Edge, Cloud e Fog computing “fluiscono” nel progetto Myrtus
In piena continuità con la trasparenza “liquida” di Liqo, ArubaKube contribuisce anche al progetto Myrtus. Grazie a un finanziamento di 6 milioni di euro da parte di Horizon Europe, questa iniziativa mira a realizzare un’interconnettività abilitata dall’intelligenza artificiale tra piattaforme di edge, fog e cloud computing.
“Il nostro ruolo è quello di assicurare un substrato di computazione ‘fluido’, come un oceano di risorse liberamente e dinamicamente sfruttabili per offrire servizi. Ciò significa collegare ogni tipo di dispositivo per dar vita a un continuum trasparente in cui l’utente non percepisce differenze e discontinuità tra device personali, embedded, tra risorse tradizionali cloud based o alledged. Deve poterlo sfruttare facilmente per avviare ogni tipo di software dove più opportuno al momento” spiega Risso.

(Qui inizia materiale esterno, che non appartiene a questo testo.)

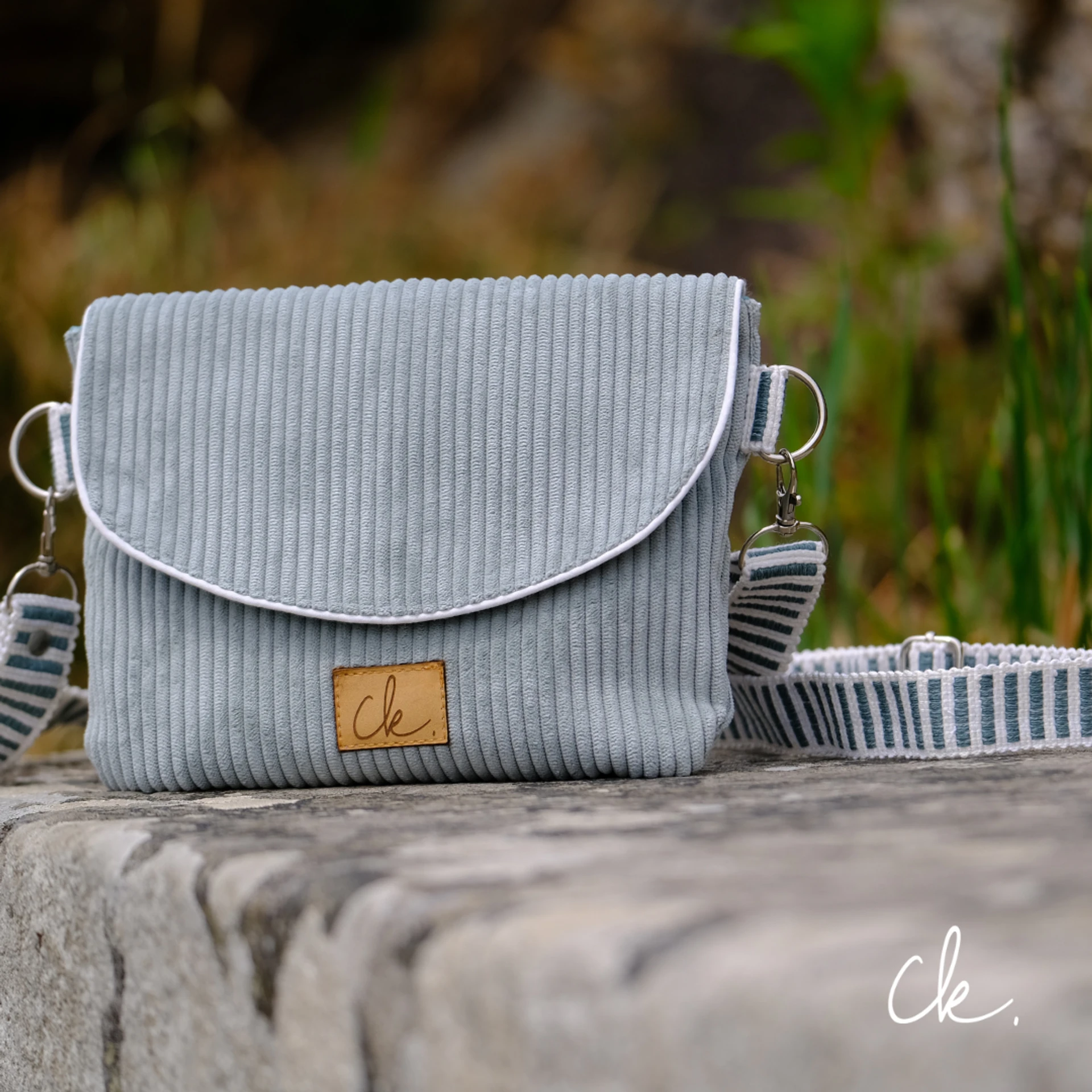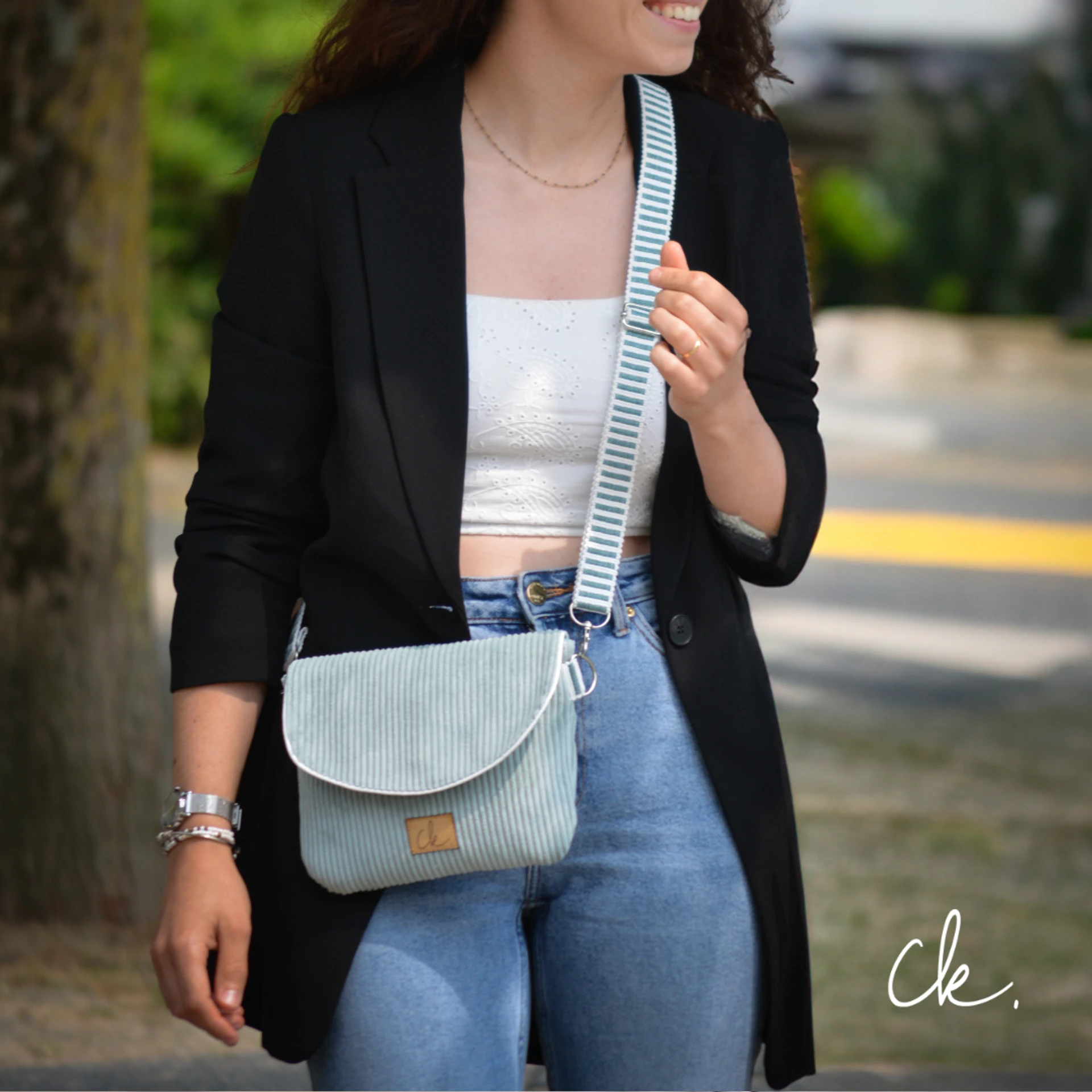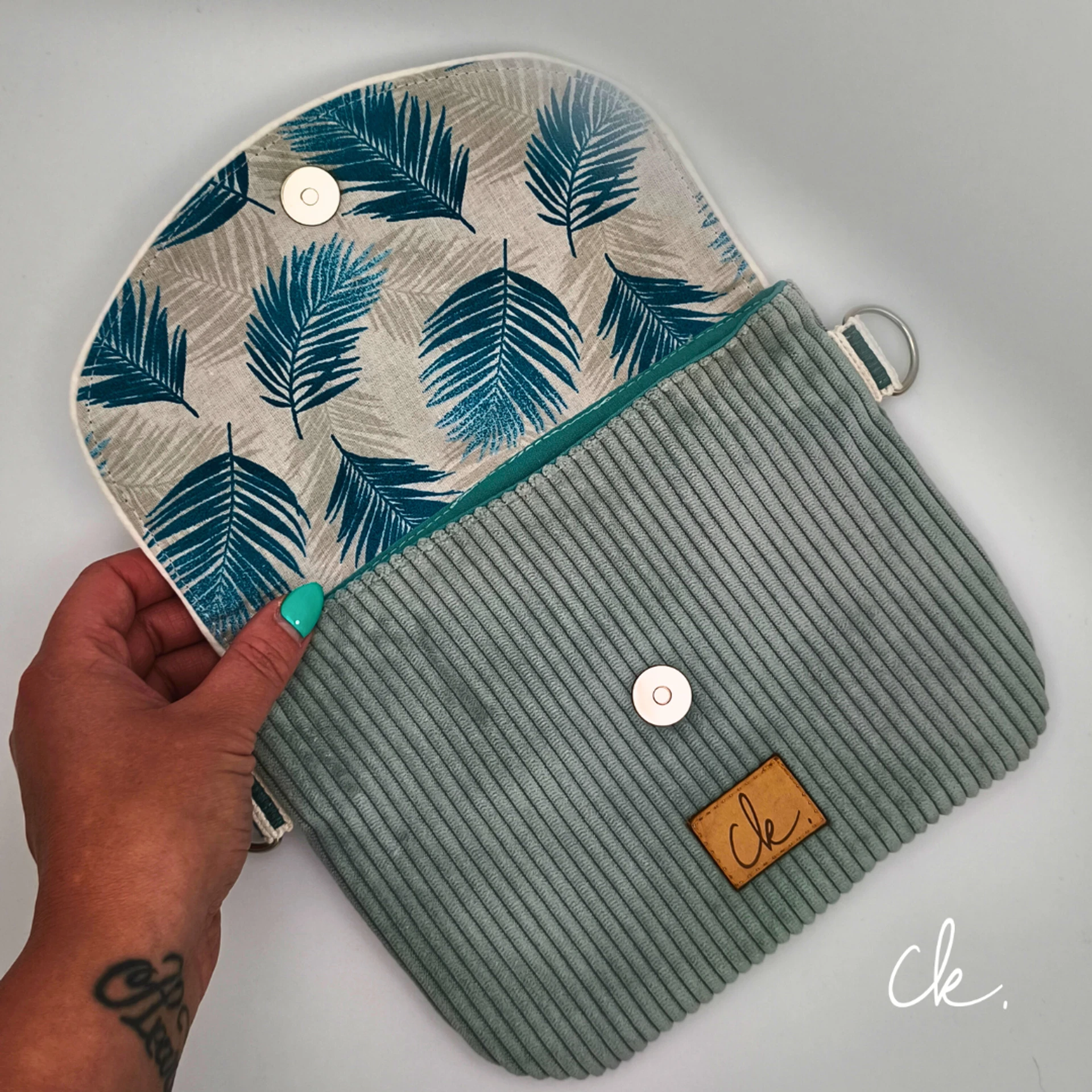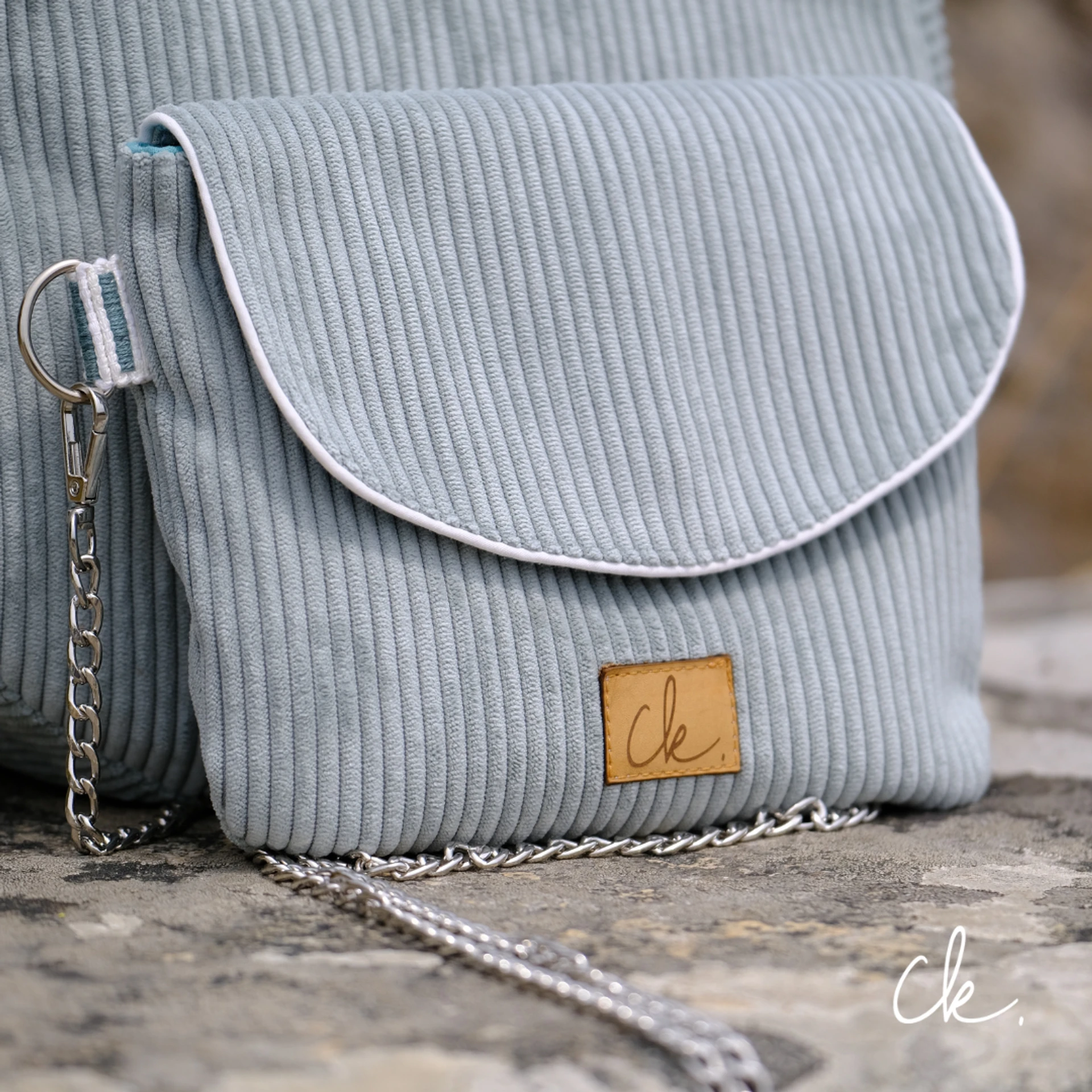 La pochette Étain marie un velours côtelé bleu ciel et une doublure végétale, ainsi qu'un passepoil blanc pour rehausser le rabat.
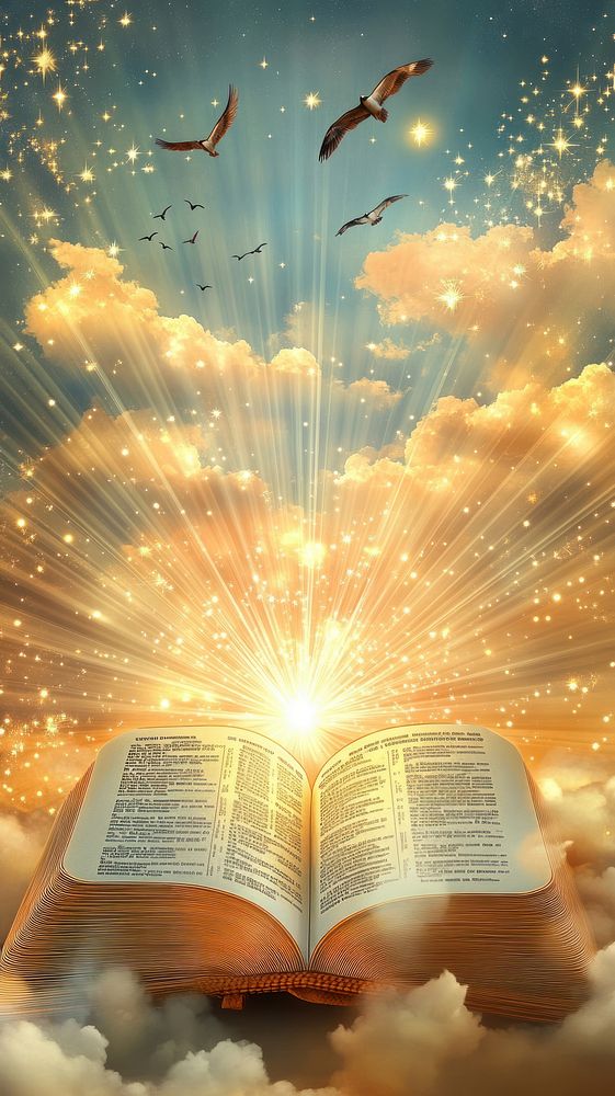 Bible with pages glowing birds sky atmosphere. https://www.rawpixel.com/image/17048389/bible-with-pages-glowing-birds-sky-atmosphereView license
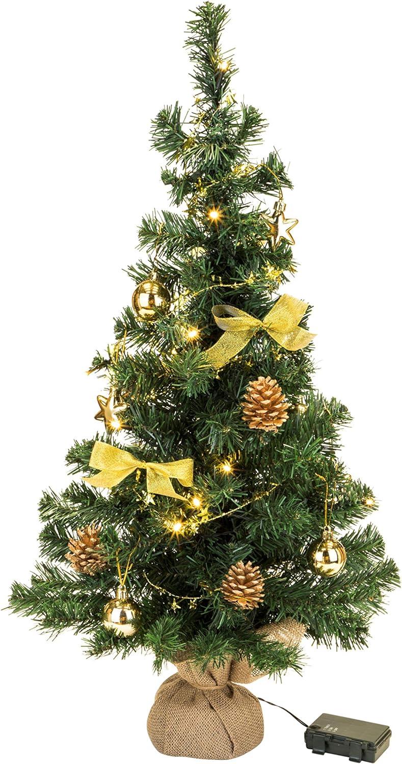 Bambelaa! Weihnachtsbaum Künstlich Mit Beleuchtung Geschmückt Tannenbaum Dekoriert Christbaum Beleuchtet LED 75cm Gold
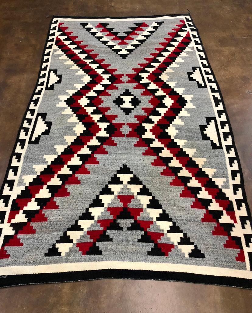 For your consideration we have this large circa 1930s Navajo rug featuring reds, blacks, grays and whites giving it an old Ganado feel. This nice old rug would make a great addition to your collection! Maker: Unknown Navajo weaver. Approx. Age: 1930s. Size: 57 inches wide X 97 inches long. Condition: Good for its age, some wear expected. Please look closely at the pictures - they are an important part of our description. Shipping: There will be a $10 handling / packaging fee for shipping this lot. The actual cost of postage will be added on top of that. BUY IT NOW: If you would like to buy this item now without waiting for the auction to end (this option is only available up to 48 hours before the auction starts to close), the “Buy it Now” price is the high estimate of this lot. If you would like to end the auction early and pay the high estimate (plus applicable fees), please contact us by phone or email and reference this lot number.

La squadra che lavora a questo “oceano” di risorse computazionali integra università, centri di ricerca e aziende per poter contare su quella che Risso ritiene “una miscela preziosa di pragmatismo imprenditoriale e ricerca visionaria, l’unica che può permetterci di innovare restando coi piedi per terra e aderenti ai reali bisogni del mercato”.